Paata Tsagareishvili, director of the Tbilisi-based Transport Corridor Research Centre, predicted a 30–40% increase in the cost of transporting wheat as a result of the ban, which would also trigger an increase in prices of wheat products in Georgia.
Both the finance minister and representatives of large local business operators like Agrikom and the Flour Producers’ Association described the government’s decision as ‘civil’ and ‘modern’, saying that using lorries for grain transportation was inadequate.
Bread producers had already been struggling with a reported 30–35% rise of wheat prices.
According to official statistics, while 90% of wheat in Georgia is imported, less than 16,000 tonnes of the 276,000 tonnes of total imports were transported by land.
Land freight providers usually transport wheat at a cheaper price, supplying smaller mills which allow cheaper bread and pastry products to be produced, challenging bigger companies.
‘Creating a monopoly’
On 14 September, the opposition European Georgia Party summoned the finance minister before parliament to answer questions regarding the ban.
‘About five thousand families in Georgia are going to be left without an income and face bank loans so that three families can create a monopoly. This situation was created with the direct involvement of the state and the order issued by the finance minister. It is unacceptable that the state creates a monopoly for the sake of private interests and corruption’, the party’s leader Davit Bakradze stated.
As protesters blocked the Custom Clearance Zone, members of European Georgia visited them to give support, but some drivers protested their involvement.

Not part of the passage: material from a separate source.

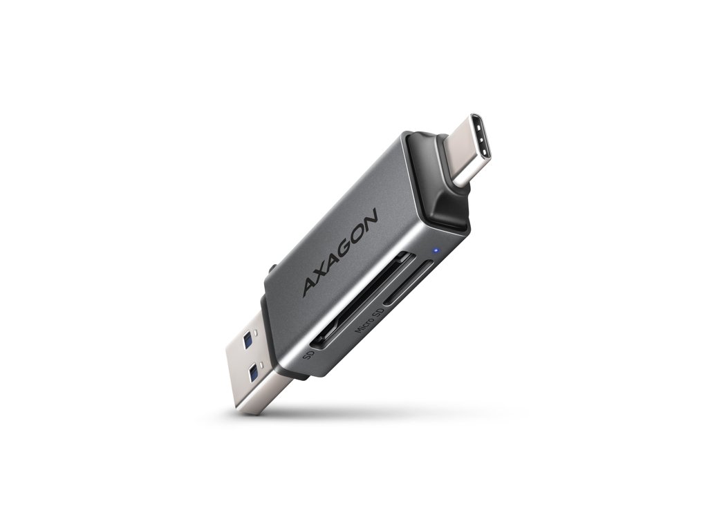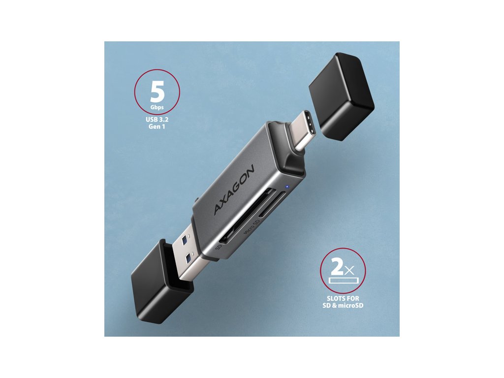 AXAGON CRE-DAC, USB-C + USB-A, 5 Gbps - MINI čtečka karet, 2-slot & lun SD/microSD, podpora UHS-I

One of the leaders of the protest, Tengo Mushkudiani told OC Media that they rejected the involvement of opposition parties as they ‘preferred to fight by themselves’.
The ban formally leaves space for ‘exceptions’ for transporting wheat and multigrain by land with the permission of the Revenue Service, which according to business lawyer Akaki Chargeishvili, creates risks of corruption as the conditions for exceptional cases remains unclear.
Importers and drivers have complained that the government created problems for them long before the formal ban. In spring, Georgian authorities amended sanitary regulations on food imports, which introduced fees for testing for the presence of genetically modified crops, some of which are banned in Georgia.
Drivers say that on top of the fee, at least ₾250 ($95), waiting times at the border also increased. The Customs Service said the change was a part of harmonising Georgian legislation with the European Union.
Vaso Urushadze, head of transport advocacy group Hub Georgia, told OC Media they would challenge the ban in court, claiming it contradicted the 2014 Georgian Law on Competition.
‘By the finance minister’s order, competition in the area of wheat imports has been curtailed, banning thousands of small entrepreneurs from continuing their operations. The government is artificially establishing a monopoly for the benefit of certain companies and the individuals behind them’, said Urushadze.